Super-Prolific Song Kings From Previous Century Emerge From Rocking Thrones
These fucking old people today, they're never satisfied. Do Burt Bacharach and Neil Diamond, two of 20th-century pop's most prolific and distinctive songmen, even know how good they've got it? Bacharach's deep-pile catalog continues to inspire reminiscences of an imagined mid-'60s utopia; Diamond remains a live draw on a par with Dave Matthews and Kenny Chesney. Yet here's Burt with At This Time, the 77-year-old easy-listening master's first solo album in a quarter-century, on which he has the audacity to both commission drum loops from Dr. Dre and voice his discontent with the war in Iraq. Pretty ungrateful for a guy who could be on a prescription-drug bus to Canada.

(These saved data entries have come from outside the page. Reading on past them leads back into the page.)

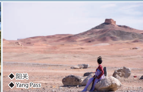
◆ 阳关 ◆ Yang Pass
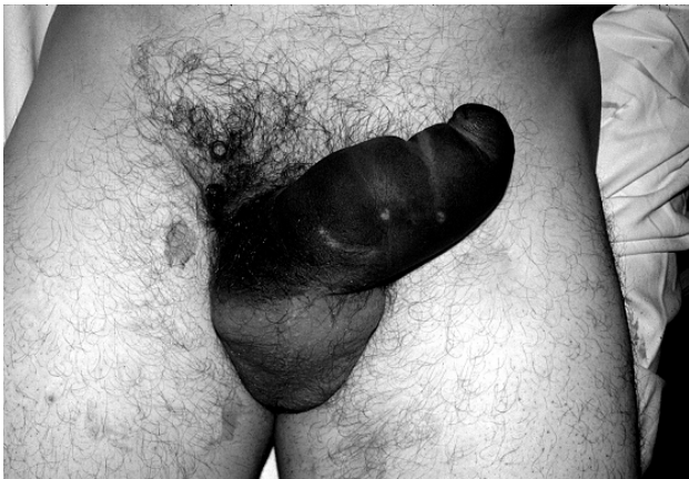
Fig. 1 – Presentation of dexter penile fracture with large edema and hematoma of the penile body. The penis angulates to the opposite side of the site of injury.

Physical examination revealed a large hematoma involving the whole penis and angulation of the penis to the left (Figure 1). Diffuse painless hematoma most prominent on the right lateral side and at the base could be palpated. In this area, hematoma appeared as soft, elastic tumefaction, painful and in size of big strawberry. Upon deeper palpation, soft and extremely painful defect was detected in t. albuginea . During physical examination, there was no blood at the meatus.
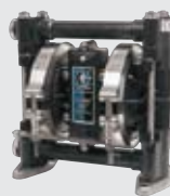
Husky™ 307 3/8 inch Pump
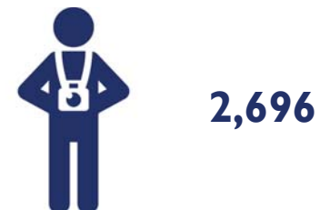
Number of training days provided to journalists.
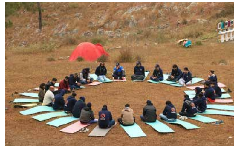
The yoga session was a personal favourite for many at the outbreak
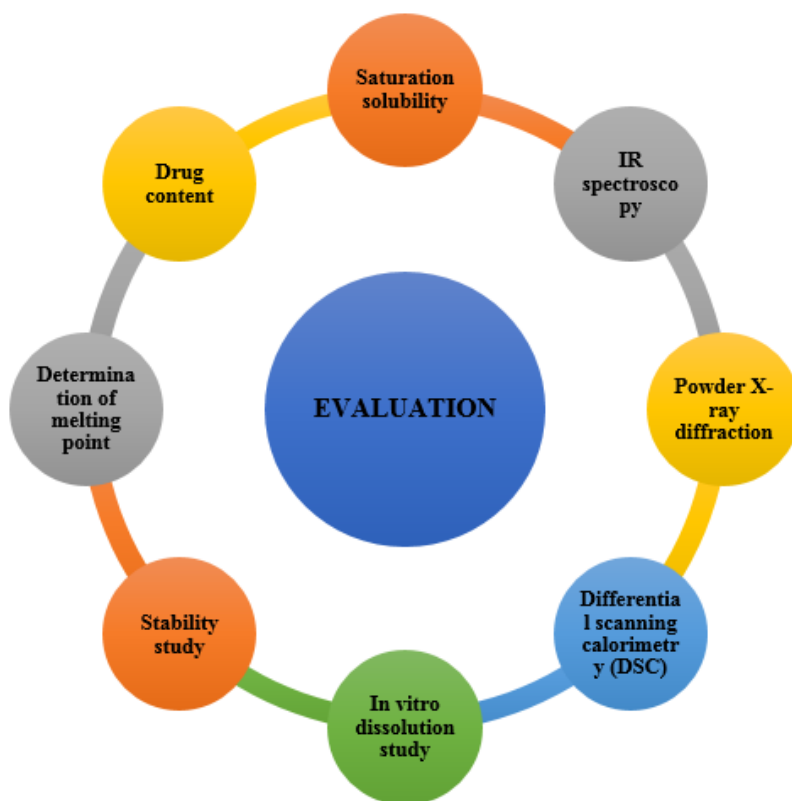
Fig no 4: Evaluation of cocrystal
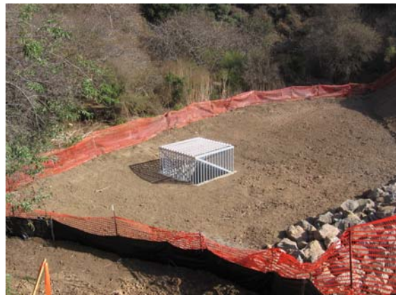
Ridgemont Basin overview
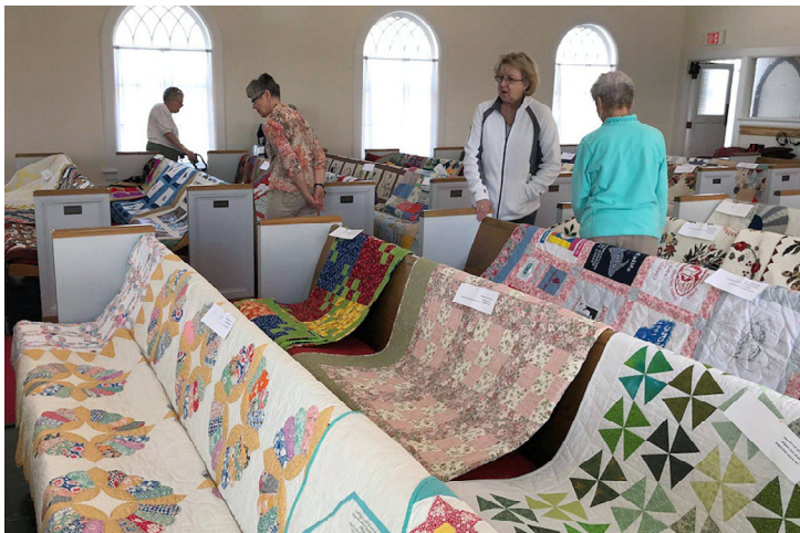
MICHIGAN MINISTRIES... Chelsea Retirement Community residents shared a wealth of memories when 77 quilts were on display at the Chelsea Retirement Chapel.
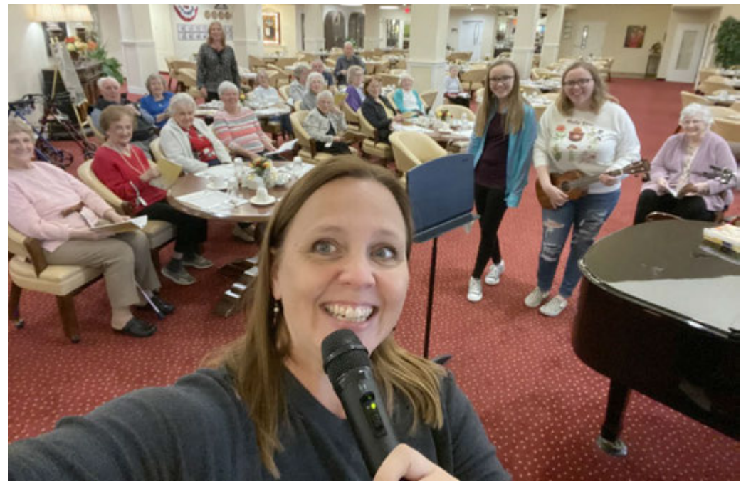
Highlands Tops take a selfie!
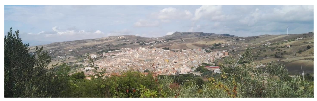
Fig. 3 | View of Valledolmo © LabCity Architecture (DARCH-UNIPA), 2021

The priority objective of the programme is to address to social, spatial and energy mixitè , the redevelopment of the Roccafanara district, with the reconfiguration of the existing blocks, many of them now in a state of disrepair, and with the redesigning of public space for pedestrian use.
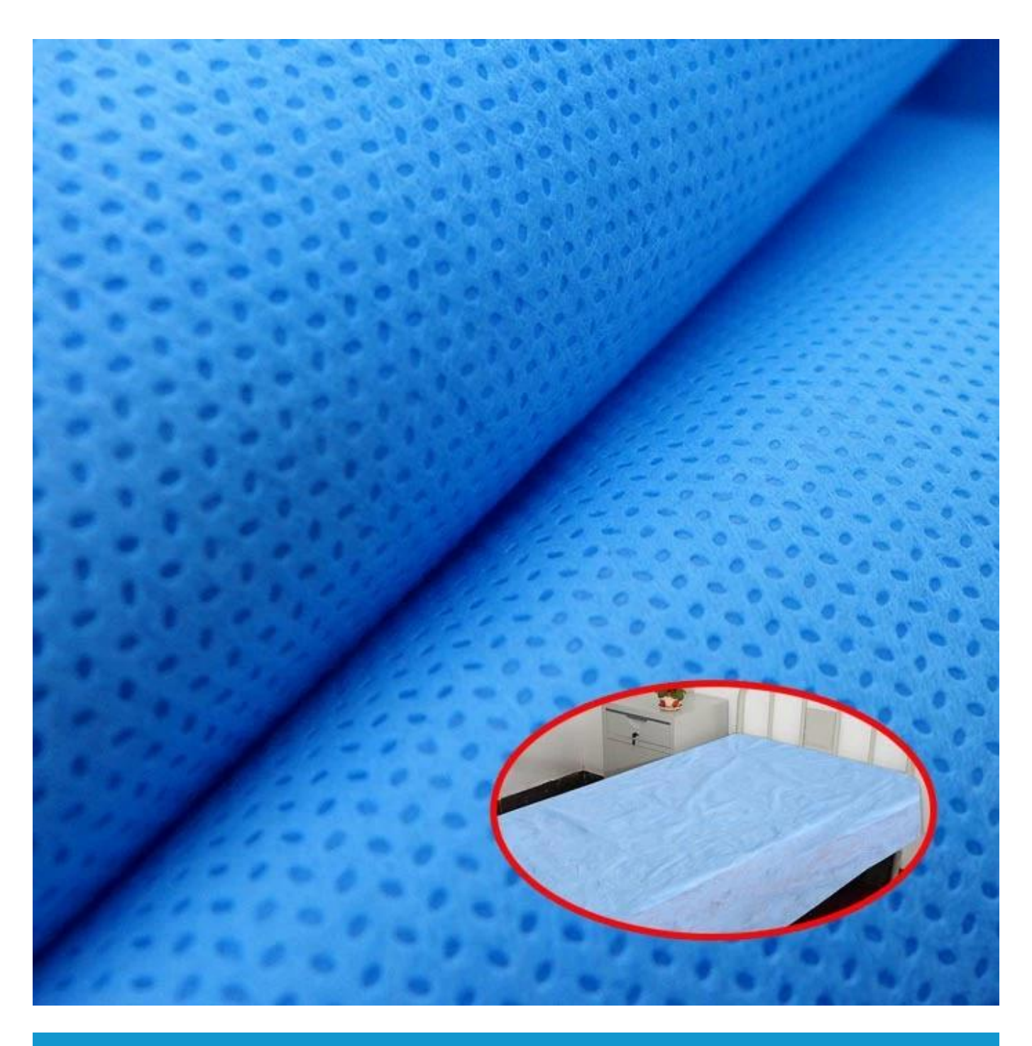
Applications of Family Home Bed Sheet Flat Sheet Fitted Massage Bed Sheet

As it happens, At This Time won't start any fires under Cindy Sheehan's ass. "Where are the dreams that we once knew?" Bacharach wonders in the opener, "Please Explain," flashing back to that imagined utopia as if he hasn't been here all along. Later, Elvis Costello wonders, "Who are these people that keep telling us lies?"pretty weak Bush bait, compared to Kanye West's or System of a Down's. Of course, there's a reason Hal David (supplanted here by Tonio K.) was born; Bacharach secured his pension by plucking heartstrings with melody and tickling brains with harmony. As pure sound, At This Time is engaging, arresting even: "Please Explain" layers shoop-shoop backing vox over Mike Elizondo's pimp-stroll bass; "Fade Away" has lush Stephen Sondheim strings; "Is Love Enough?" soups up fireside guitar plucking with Dre's G-ride menace.

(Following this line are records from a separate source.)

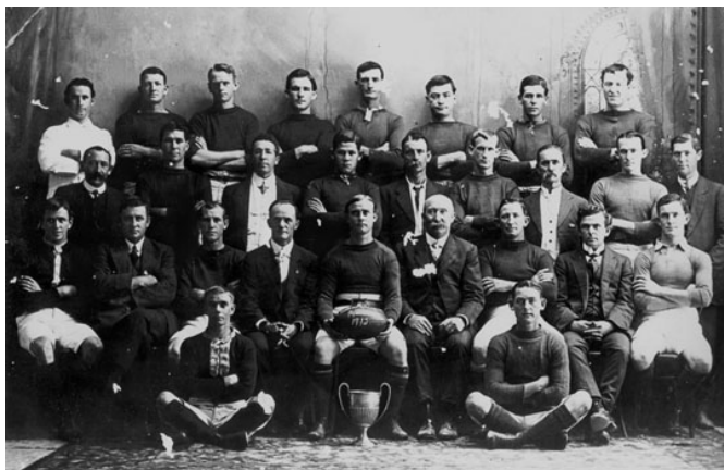
The latest additions to the Genealogy Search Engine include significant new photo archives.
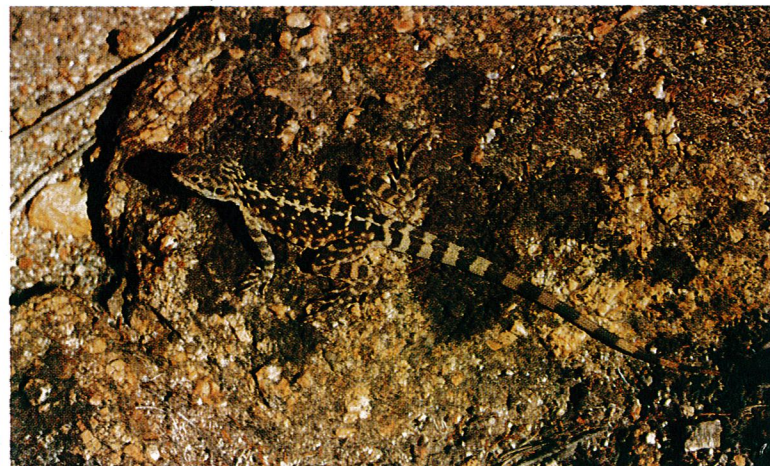
▼ Ornate dragon, or running lizard ( Amphibolurus ornatus )
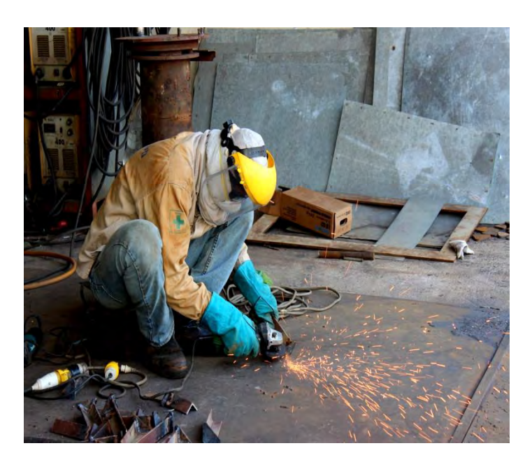
Grinding in progress
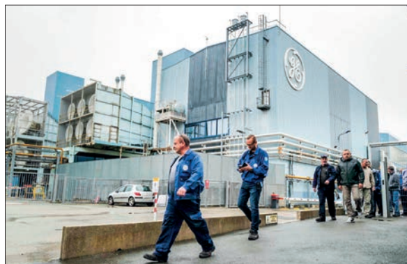
Employees of the General Electric (GE) company arrive for an inter-union general meeting in Belfort, eastern France, on 7 October 2019.

agement have run high in recent years as the company cut hundreds of French jobs on slumping demand for gas turbines and other power-generation equipment. The tax inquiry was opened after the head of France’s Communist Party, Fabien Roussel, told authorities in July 2019 of his “suspicions of tax optimisation and fraud” by the company.—AFP

Diamond's Dr. Dre is Rick Rubin, who a decade ago served as Johnny Cash's Mike Elizondo (or something). In the liners to 12 Songs, an American Recordingsstyle roots retrenchment, Diamond writes of "coaxing scared CNN viewers away from their TVs . . . to enjoy some live music." Again we're in Hollywood-liberal territory, though Diamond's dissatisfaction resounds more clearly than Bacharach's; as with Burt, it's truth Neil is after, a thirst Rubin reflects with good ol' showbiz razzmatazz. (No one with an honest desire to make a stripped-down acoustic record hires Beck's pal Smokey Hormel or a dude proficient on the Chamberlin.)
The most badass cut on a record full of 'em is "I'm On to You," where Diamond warns his subject to "lie no more" atop film-noir horns arranged by Beck's dad. And if I like to hear "Man of God" as a devilish Dubya satire? Hey, I'm 27; I've earned it.